*** Input data

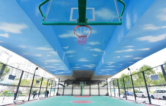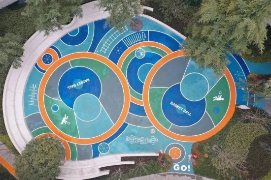 此外,還有一個活力四射的洛克公園,時尚籃球場配備8個籃球架、休息椅凳、自動販售機等功能性設施,橘紅、粉色等鮮亮顏色使整個運動空間充滿活力氣息。
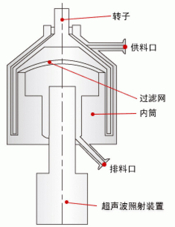 其特点:即通过旋转的转子作用将大比重的分散介质按半径方向循环运动,同时通过转子内部的网状分离装置,将分散的分散液在受到短时间超声波照射后排出。
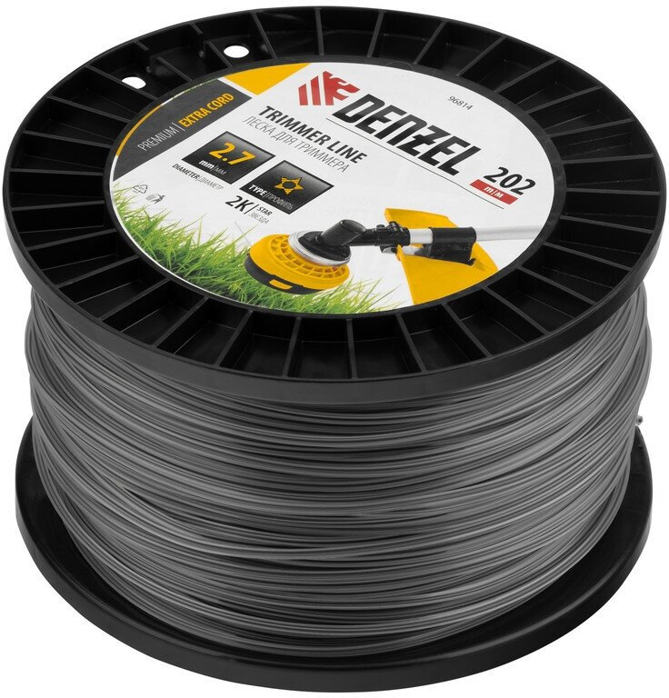 Леска для триммера двухкомпонентная Denzel звезда 2, 7мм х 202м, на DIN катушке EXTRA CORD 96814 информация:
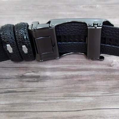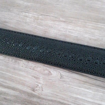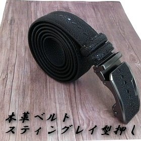HA0186【新品】本革ベルト スティングレイ型押し 男性用 3XLサイズ 長さ130㎝ 幅3.5㎝ ブラック バックル メンズ 長さカット可能 タイ製
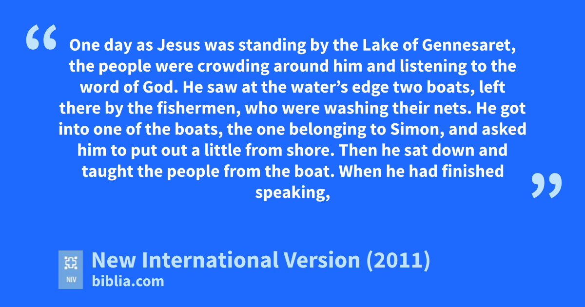 5 One day as Jesus was standing by the Lake of Gennesaret,a the people were crowding around him and listening to the word of God.v 2 He saw at the water’s edge two boats, left there by the fishermen, who were washing their nets. 3 He got into one of the boats, the one belonging to Simon, and asked him to put out a little from shore. Then he sat down and taught the people from the boat.w
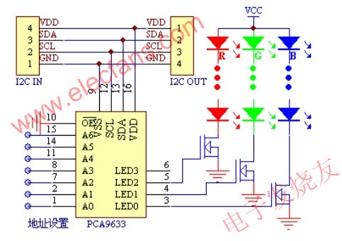 下圖為驅(qū)動(dòng)單元的設(shè)計(jì),其中紅綠藍(lán)3色LED的數(shù)量可以是多個(gè)的,根據(jù)自己的設(shè)計(jì)要求可以選擇并聯(lián)或串聯(lián)的方式,再按照LED的連接方式及電壓/電流等要求選擇適合的開關(guān)管即可,少量的LED也可用PCA9633直接驅(qū)動(dòng),具體參數(shù)見PCA9633資料。驅(qū)動(dòng)模塊通過PCA9633的A6~A0管腳設(shè)定訪問地址,接到控制模塊輸出的I2C總線上就可正常工作,每條I2C總線可接126塊調(diào)光驅(qū)動(dòng)模塊。
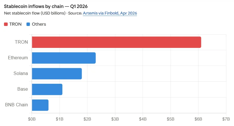 Furthermore, in Q1 2026, TRON led all chains in net stablecoin inflows. Artemis data cited by Finbold puts TRON’s net flow at +$6.1 billion. By contrast, Ethereum came in well below that figure.
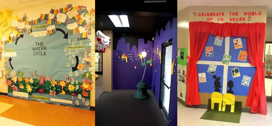 教室门可以把科技知识不知道墙面上,这种环创很适合设计大型的主题或者背景。孩子们可以探索的发现的过程中接触初级的物理相关知识。
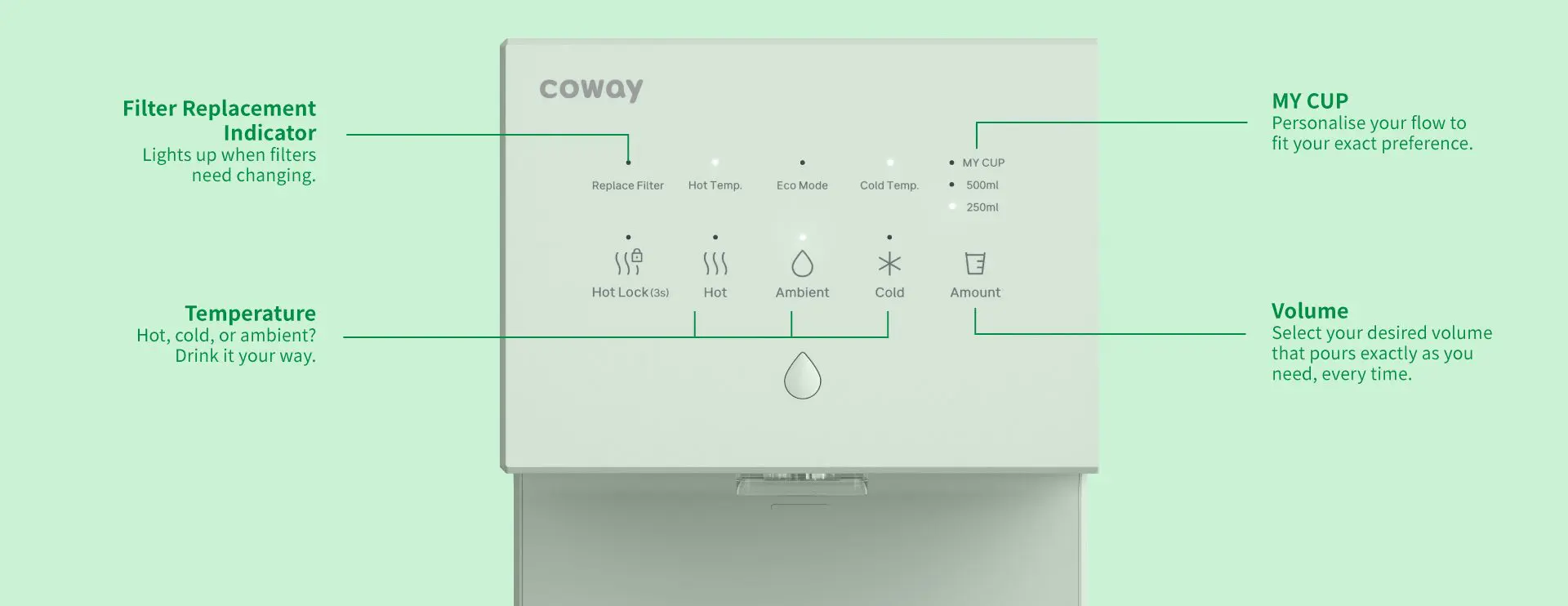 Coway NeoN fulfils your thirst in an instant, with just one tap.

******

Assignment:
Your copy should match the data above exactly, apart from the pictures.

Response below:
 此外,還有一個活力四射的洛克公園,時尚籃球場配備8個籃球架、休息椅凳、自動販售機等功能性設施,橘紅、粉色等鮮亮顏色使整個運動空間充滿活力氣息。
 其特点:即通过旋转的转子作用将大比重的分散介质按半径方向循环运动,同时通过转子内部的网状分离装置,将分散的分散液在受到短时间超声波照射后排出。
 Леска для триммера двухкомпонентная Denzel звезда 2, 7мм х 202м, на DIN катушке EXTRA CORD 96814 информация:
HA0186【新品】本革ベルト スティングレイ型押し 男性用 3XLサイズ 長さ130㎝ 幅3.5㎝ ブラック バックル メンズ 長さカット可能 タイ製
 5 One day as Jesus was standing by the Lake of Gennesaret,a the people were crowding around him and listening to the word of God.v 2 He saw at the water’s edge two boats, left there by the fishermen, who were washing their nets. 3 He got into one of the boats, the one belonging to Simon, and asked him to put out a little from shore. Then he sat down and taught the people from the boat.w
 下圖為驅(qū)動(dòng)單元的設(shè)計(jì),其中紅綠藍(lán)3色LED的數(shù)量可以是多個(gè)的,根據(jù)自己的設(shè)計(jì)要求可以選擇并聯(lián)或串聯(lián)的方式,再按照LED的連接方式及電壓/電流等要求選擇適合的開關(guān)管即可,少量的LED也可用PCA9633直接驅(qū)動(dòng),具體參數(shù)見PCA9633資料。驅(qū)動(dòng)模塊通過PCA9633的A6~A0管腳設(shè)定訪問地址,接到控制模塊輸出的I2C總線上就可正常工作,每條I2C總線可接126塊調(diào)光驅(qū)動(dòng)模塊。
 Furthermore, in Q1 2026, TRON led all chains in net stablecoin inflows. Artemis data cited by Finbold puts TRON’s net flow at +$6.1 billion. By contrast, Ethereum came in well below that figure.
 教室门可以把科技知识不知道墙面上,这种环创很适合设计大型的主题或者背景。孩子们可以探索的发现的过程中接触初级的物理相关知识。
 Coway NeoN fulfils your thirst in an instant, with just one tap.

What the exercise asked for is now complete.